Edythe Hembroff

Edythe Hembroff-Schleicher
1906 - 1988


Edythe Hembroff-Schleicher with Jack Shadbolt
Royal Museum of BC Archives, F-09345
Edythe Hembroff was born in Moose Jaw, Saskatchewan in 1906.  Moving to Victoria with her family in 1912, she attended Victoria High School, studied art in San Francisco and Paris, and continued her studies by traveling throughout Europe, sketching and painting in oils and watercolours, and freely experimenting in the latest artistic fashions.

Returning to Victoria in 1930, Hembroff met Emily Carr, with whom she shared the experience of having attended three of the same art schools in England, France and California.  Thus began an enduring friendship which would involve three sketching trips together. Her portrait of Carr, painted on one of these occasions, is part of the permanent collection of the Vancouver Art Gallery. Hembroff became a great admirer of Carr’s work and lent her support to the latter’s rise to prominence, at the same time developing her own distinctive painting style.
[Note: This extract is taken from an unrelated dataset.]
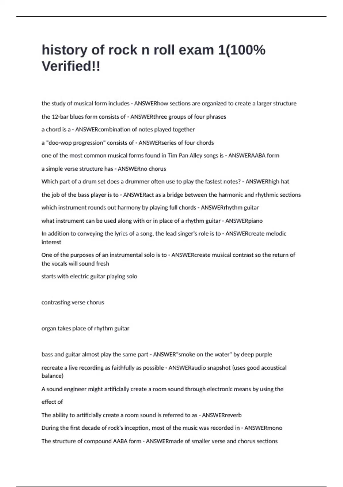 history of rock n roll exam 1(100% Verified!!

Hembroff first exhibited with the Island Arts and Crafts Society (IACS) in 1930. Her painting “Nu”, an oil-on canvas shown at a Paris exhibition, also in 1930, won a major award at the Art Institute of Seattle later the same year. This was one of her four paintings displayed in the “Modern Room,” organized by Max Maynard as a component of the annual exhibition of the IACS in 1932, with the intent of introducing modern trends in art to the traditionalist art scene in Victoria. Other contributors to the Modern Room included Emily Carr, Jack Shadbolt, Ina Uhthoff and Maynard himself.
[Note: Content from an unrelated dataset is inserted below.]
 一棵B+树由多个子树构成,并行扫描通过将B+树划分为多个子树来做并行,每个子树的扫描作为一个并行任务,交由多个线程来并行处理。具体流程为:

During World War II, Hembroff joined Prisoner of War Censorship in Ottawa, where her supervisor was Dr. Julius Schleicher, a Pole whom she eventually married. During her 20 years in Ottawa she never touched a paintbrush.  After returning to Victoria, Edythe Hembroff-Schleicher wrote her first book about Emily Carr, entitled “M.E.”, published in 1969, and in 1978 there followed a sequel, “Emily Carr, the Untold Story.”

In 1974 she was appointed by the provincial government as a special consultant on Emily Carr, and researched the life of her old friend diligently in the Provincial archives. In 1981, at the Emily Carr Gallery in Victoria, she organized a partial re-creation of Max Maynard’s 1932 Modern Room. Her catalogue, written for this event, is now a collector’s item.

Edythe Hembroff-Schleicher died in Victoria in 1988.